Cloud computing provides the potential for access to and publication of dynamic data. This includes the consumption of real-time information for analyses and modeling, which can then be leveraged in applications that serve multiple purposes and audiences. Esri is seeing this more with disaster response operations that are standing up mission-critical geospatial applications hosted in the cloud. With access to seemingly unlimited compute capacity using cloud infrastructures, analytical calculations can be performed in a fraction of the time as traditional processes, which may potentially offer more economic viability as a result of the economies of scale that the cloud affords.
This may seem only attractive to small- to medium-sized businesses, educational institutions, non-profits, and startups. But as cloud computing moves increasingly into mainstream operations for business, the potential for cloud-hosted content and cloud-delivered content is becoming a significant reality for organizations, regardless of size. For a geospatial technologist, cloud GIS can ideally mean that data is always available, always accessible. For the mobile worker, the cloud offers an expansive field to speed workflow productivity and collaboration.
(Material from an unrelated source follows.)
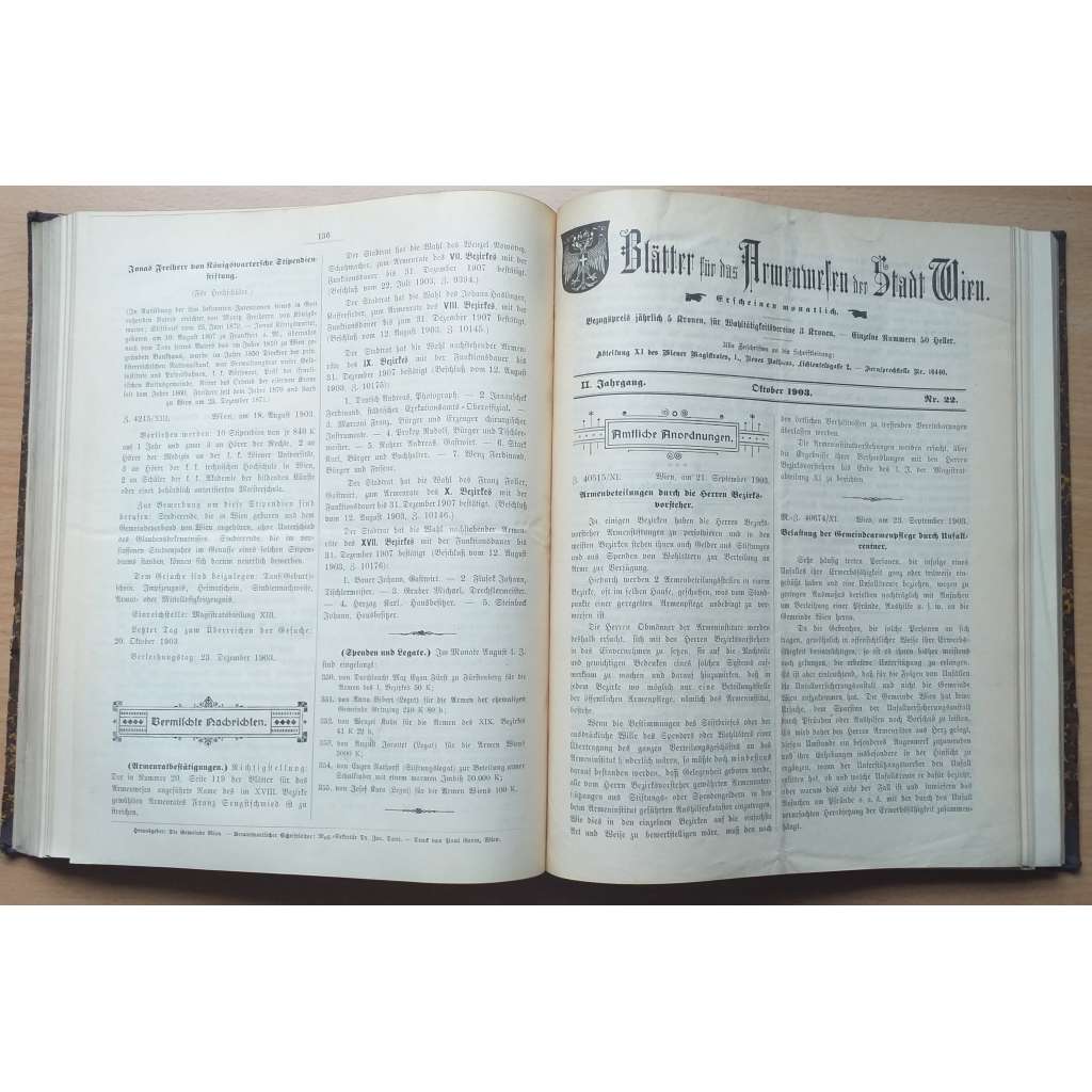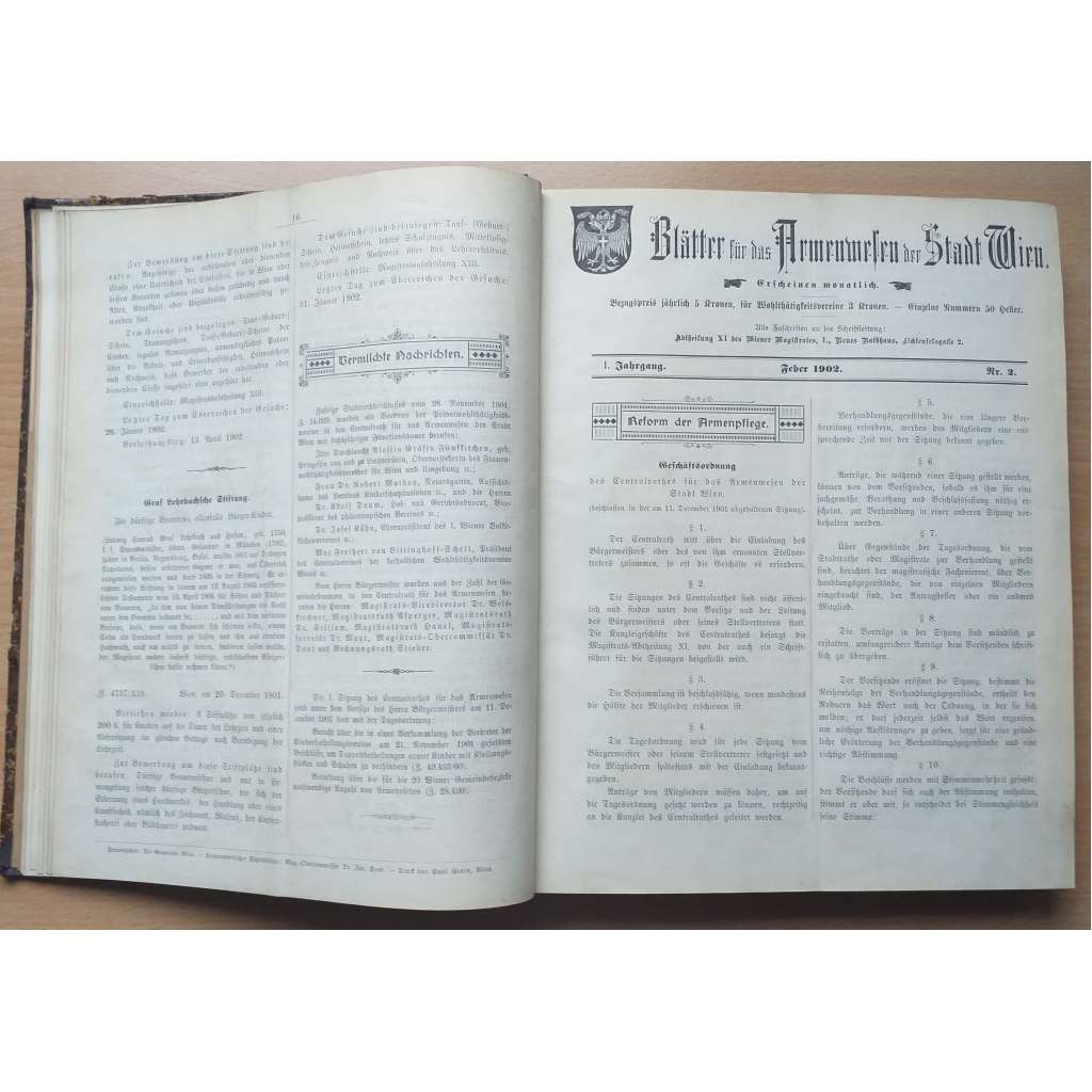 Blätter für das Armenwesen der Stadt Wien; I., II. u. III. Jahrg. Nr. 1-12, 1902, Nr. 13-24, 1903, Nr. 25-35, 1904 [péče o chudé]

Shared data and applications in the cloud can be immediately accessed to discover, view, edit, save changes and invoke geoprocessing functions for on-demand results.
Esri recognizes the opportunities that cloud computing can afford the geospatial professional and technologist. As such, we intend to continue to invest significantly in research and development of cloud-based solutions and services across multiple vendors to satisfy the requests by the geospatial community, and to foster growth of GIS into industries and within communities that may have not been cultivated as yet.
It is important to underscore that our current attention to the cloud does not forego interest and investment in on-premises desktops, servers and mobile applications. Rather, the cloud is another enabling platform to help complement and augment an organization’s sales, marketing, and technology portfolio capabilities.
Business Intelligence and Analytics
Commercial/business applications of GIS have long lagged behind more traditional GIS applications such as planning, government, and environment. But we are starting to see GIS reach much deeper into the business arena due to the focus on integration of GIS with enterprise resource planning (ERP), business intelligence (BI), data warehousing, and enterprise content management (ECM) applications. The majority of these integrated applications let end users work either in their business application environment or the GIS environment, so they are not disruptive to existing enterprise workflows.
Esri’s approach in this arena has been to partner with companies who have deep expertise in their respective BI, ERP, and ECM environments. We also recently acquired SpotOn Systems, a company that brings interactive mapping to IBM Cognos business intelligence applications. By making it easier to unite Esri’s spatial analytics, data, and maps with IBM Cognos BI, we think that this acquisition provides business users of GIS with the analytic element that has long been missing.